In 1812, Napoleon invaded Russia to compel Alexander I to remain in the Continental System and to remove the imminent threat of Russian invasion of Poland. The Grande Armée, 650,000 men (270,000 Frenchmen and many soldiers of allies or subject powers), crossed the Neman on 23 June 1812. Russia proclaimed a Patriotic War, while Napoleon proclaimed a Second Polish war, but against the expectations of the Poles who supplied almost 100,000 troops for the invasion force he avoided any concessions toward Poland, having in mind further negotiations with Russia.  Russia maintained a scorched earth policy of retreat, broken only by the Battle of Borodino on 7 September, when the Russians stood and fought. This was bloody and the Russians eventually retreated, opening the road to Moscow. Field Marshal Mikhail Kutuzov made the decision in order to preserve the army. By 14 September, the French captured Moscow. The Russian governor Prince Rastopchin ordered the city burnt to the ground and large parts of it were destroyed. Alexander I refused to capitulate, and with no sign of clear victory in sight, Napoleon was forced to withdraw from Moscow's ruins. So the disastrous Great Retreat began, with 370,000 casualties largely as a result of starvation and the freezing weather conditions, and 200,000 captured. Napoleon narrowly escaped total annihilation at the Battle of Berezina, but his army was wrecked nevertheless. By December only 20,000 fit soldiers from the main army were among those who recrossed the Neman at Kaunas. By this time Napoleon had abandoned his army to return to Paris and prepare a defence against the advancing Russians.

1813 Campaign in Germany
As the French retreated, the Russians pursued them into Poland and Prussia, causing the Prussian Corps under Ludwig Yorck von Wartenburg that had been formerly a part of the Grande Armée to ultimately change sides in the Convention of Tauroggen. This soon forced Prussia to declare war on France, and with its mobilisation, for many Prussian officers serving in the Russian Army to leave, creating a serious shortage of experienced officers in the Russian Army. After the death of Kutuzov in early 1813, command of the Russian Army passed to Peter Wittgenstein. The campaign was noted for the number of sieges the Russian Army conducted and a large number of Narodnoe Opolcheniye (irregular troops) that continued to serve in its ranks until newly trained recruits could reach the area of combat operations. Aleksey Petrovich Yermolov emerged as one of the leading and talented senior commanders of the army, participating in many important battles, including the Battle of Leipzig.

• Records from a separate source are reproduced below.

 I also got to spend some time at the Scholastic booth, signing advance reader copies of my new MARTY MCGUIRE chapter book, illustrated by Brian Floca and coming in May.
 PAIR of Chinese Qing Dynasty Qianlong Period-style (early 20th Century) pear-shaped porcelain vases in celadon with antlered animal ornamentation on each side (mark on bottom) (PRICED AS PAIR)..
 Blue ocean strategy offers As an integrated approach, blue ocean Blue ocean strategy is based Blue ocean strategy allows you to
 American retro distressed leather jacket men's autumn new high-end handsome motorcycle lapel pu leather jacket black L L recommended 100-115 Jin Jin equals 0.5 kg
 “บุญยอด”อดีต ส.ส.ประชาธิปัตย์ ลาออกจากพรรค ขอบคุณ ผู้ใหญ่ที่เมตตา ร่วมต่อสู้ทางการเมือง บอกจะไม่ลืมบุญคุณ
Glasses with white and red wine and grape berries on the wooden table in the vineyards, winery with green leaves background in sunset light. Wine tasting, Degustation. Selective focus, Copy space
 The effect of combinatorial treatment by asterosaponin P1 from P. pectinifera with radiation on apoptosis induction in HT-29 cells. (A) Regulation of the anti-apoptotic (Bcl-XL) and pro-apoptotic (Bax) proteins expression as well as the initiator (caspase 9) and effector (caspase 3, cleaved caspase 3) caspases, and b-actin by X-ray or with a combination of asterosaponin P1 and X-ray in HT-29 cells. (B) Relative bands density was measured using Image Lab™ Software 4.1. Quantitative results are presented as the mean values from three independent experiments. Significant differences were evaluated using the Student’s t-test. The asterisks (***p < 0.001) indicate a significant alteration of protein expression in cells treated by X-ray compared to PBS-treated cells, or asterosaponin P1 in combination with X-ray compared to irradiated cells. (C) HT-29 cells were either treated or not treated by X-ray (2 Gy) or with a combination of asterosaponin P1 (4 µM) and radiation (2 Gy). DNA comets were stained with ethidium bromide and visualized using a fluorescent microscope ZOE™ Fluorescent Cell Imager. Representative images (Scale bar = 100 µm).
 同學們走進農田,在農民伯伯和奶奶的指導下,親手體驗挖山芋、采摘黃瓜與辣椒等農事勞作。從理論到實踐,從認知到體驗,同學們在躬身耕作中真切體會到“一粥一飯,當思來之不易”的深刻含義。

In 1813 Russia gained territory in the Baku area of the Caucasus from Qajar Iran as much due to the news of Napoleon's defeat in 1812 as the fear by the Shah of a new campaign against him by the resurgent Russian Army where the 1810 campaign led by Matvei Platov failed. This was immediately used to raise new regiments, and to begin creating a greater foothold in the Caucasus. By the early 19th century, the empire also was firmly ensconced in Alaska reached via Cossack expeditions to Siberia, although only a rudimentary military presence was possible due to the distance from Europe.

1814 Campaign in France

The campaign in France was marked by persistent advances made by the Russian-led forces towards Paris despite attempts by Alexander's allies to allow Napoleon an avenue for surrender. In a brilliant deceptive manoeuvre Alexander was able to reach, and take Paris with the help of the treason of Marshal Marmont before Napoleon could reinforce its garrison, effectively ending the campaign. More pragmatically, in 1814 Russia, Britain, Austria, and Prussia had formed the Quadruple Alliance. The allies created an international system to maintain the territorial status quo and prevent the resurgence of an expansionist France. This included each ally maintaining a corps of occupation in France. The Quadruple Alliance, confirmed by a number of international conferences, ensured Russia's influence in Europe, if only because of the proven capability of its army to defeat that of Napoleon and to carry the war to Paris.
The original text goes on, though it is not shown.